My Bipolar Dad
by C.K.
(High School Student)
“That’s SO gay.” “You’re retarded.” “Are you bipolar or something?”
I used to make remarks such as these. One night my brother and I pulled ourselves away from our incessant laughing to join family dinner. Each other’s hyper spirits were contagious and elevated our moods. Not surprisingly, our parents were far from entertained. My dad grew frustrated as he sometimes does and instead of being considerate, my brother and I mocked him. Yet, what seemed like playful jeering to us was actually far from it—for different reasons than one might think. I responded to the situation with a laughing, “What are you bi-polar or something?” Not until a few months later would I realize why an awkward laugh and silence ensued from my parents.
On October 3rd, 2008 I came home from field hockey to a perplexing situation. A police car was pulling out of my driveway right as I was getting home. I walked into the kitchen and my mom was frantic. Her face was pale and red at the same time; her speaking both cheery and terrified; her temperament both soothing and angry. Laughing, she told me, “Dad is missing! He never came home from work yesterday, and today he left the house around noon and walked somewhere.” Her mien was one I had never seen before, and I had no idea whether to take the situation seriously or comically.

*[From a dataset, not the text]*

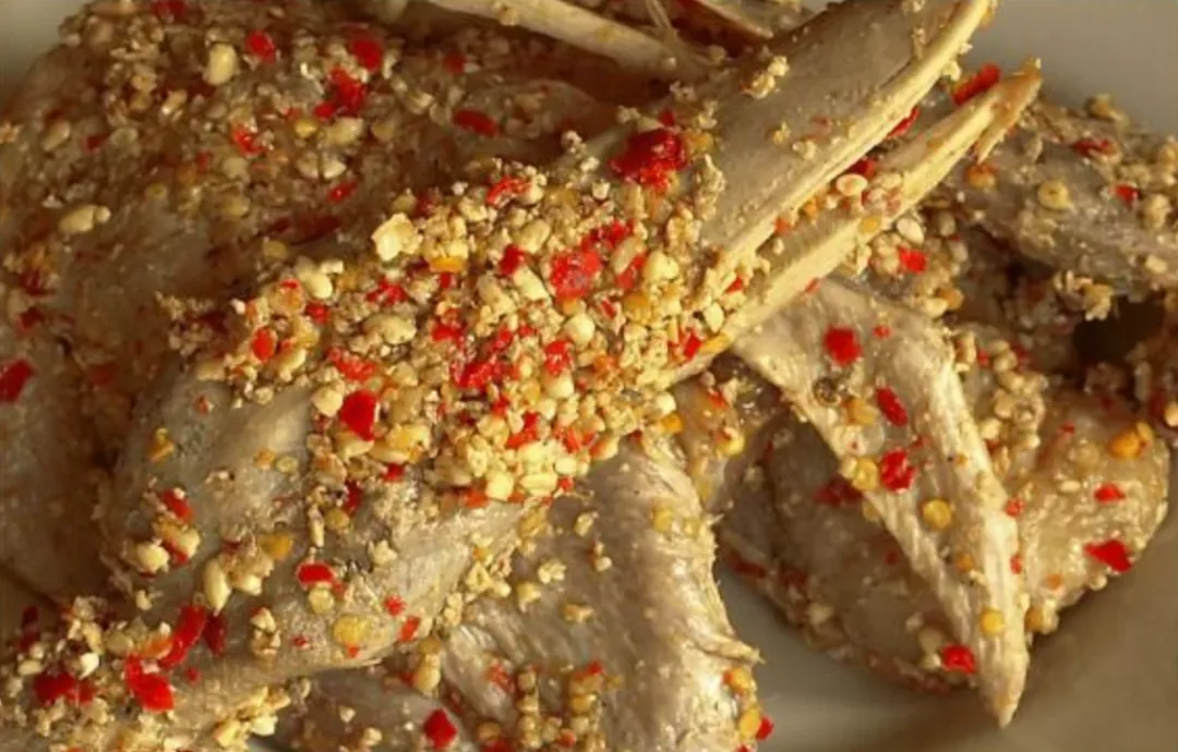 最具代表性的,還要屬遵義的糟辣椒。它是貴州人廚房裏不可或缺的味道。每年六七月,朝天椒、野青椒上市的季節,家家户户拿出罈子,幾十斤辣椒一個個清洗去蒂,再用砍刀把辣椒宰碎。一定要剁成帶有粘性的、類似“茸”樣的狀態,這才可以根據自家的秘方加入姜和殺菌的鹽、酒等封壇,全程不能沾染一丁點油腥,剩下的就交給時間。
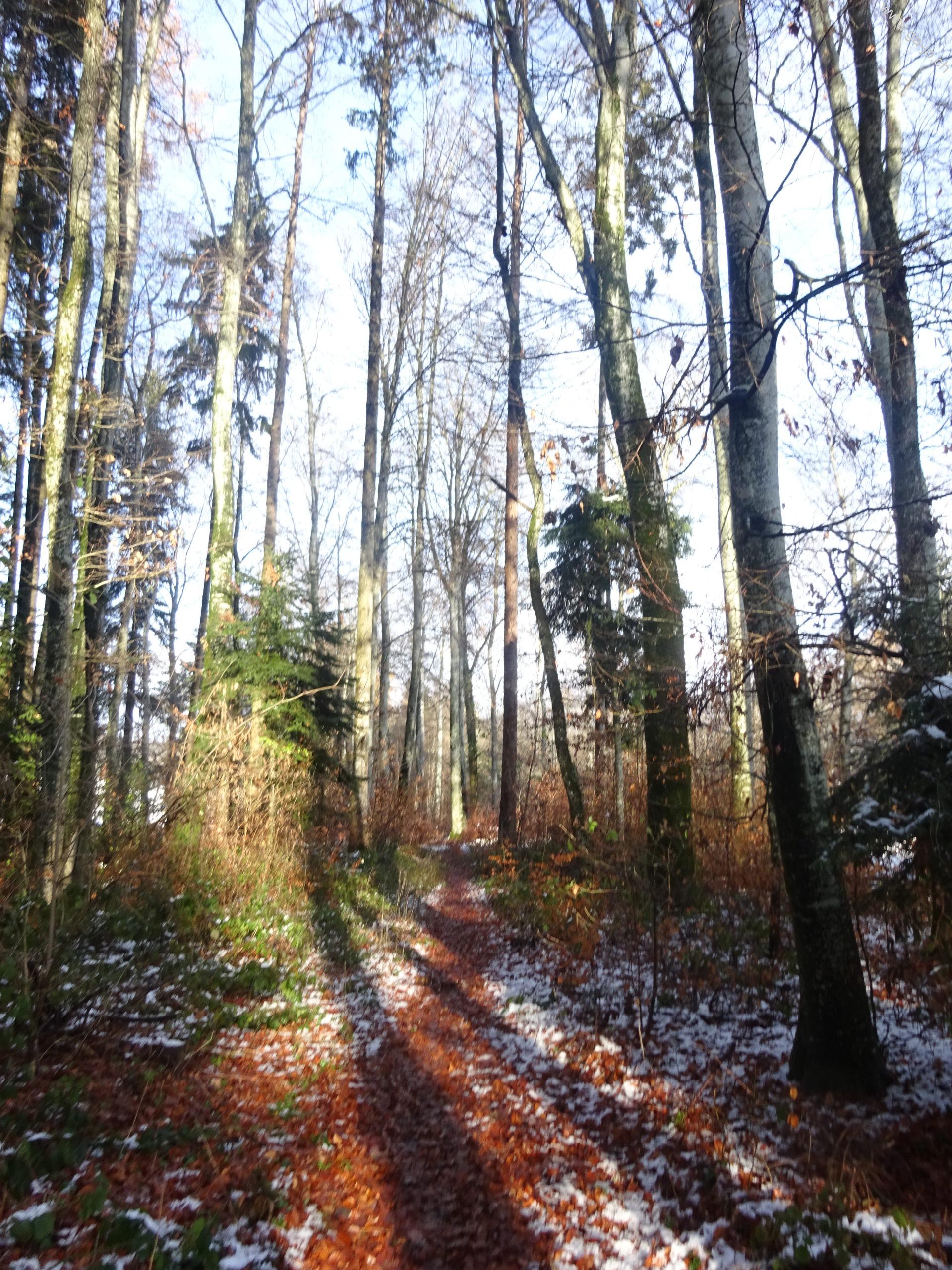 Une fois passée la croix, on devrait bifurquer en direction E quelques part, mais on a raté le balisage et suivi des traces qui continuaient tout droit. Rien de grave, on regarder la carte et décidons de pousser la ballade jusqu’à Montricher. C’est l’avantage des sorties en transports publics : pas besoin de nécessairement faire une boucle pour retrouver sa voiture. Descente donc dans la forêt en suivant les indicateurs de randonnée pédestre.

My mom went on to explain that Dad was having a manic bipolar episode and that he had suffered two others in his life. The phone rang and my mom started speaking to a police officer, giving more details for the missing person report she had filed. After this call, she contacted his credit card companies, looking to get information so she could track his spending. She learned that he had rented a car. My dad was finally found when he got in a car accident. The police officer said he was lucky to have survived.
I now see how mental health disorders are a part of many peoples lives. Before learning about my dad, I barely understood mental health issues and felt guilty about what to do around those who had them. But I spent hours Googling bipolar disorder, learning that, being a psychological disease, it was complicated beyond imagination. It was hard to believe a condition existed that drew connections to the fictional story, Dr. Jekyll and Mr. Hyde. During an episode one does not possess judgment and does things he or she would typically never think of.
Writing that my dad has a mental health disorder is the oddest thing. The word "bipolaar" has such a negative stigma that it seems like a completely wrong classification, though it is the reality. No one would suspect that my dad was anything but an ordinary guy. When he started showing signs of going into an episode, his work colleagues thought he was doing drugs, when it was simply his bipolarity causing him to be irrational and have elated spirits.
Although my dad is still acting oddly to this day, watching his actions has brought me closer to him. I try to be considerate, and he appreciates it. When my mom and brother get frustrated with him, my dad tells me that I’m the one he can talk to and that he believes I understand him. As hard it is to see my dad continue to make comments he normally wouldn’t, I know that in time, this episode will be completely over and he will be back to normal. Till then, I will continue to converse with him and to appreciate both the intensity and the courage of his struggle.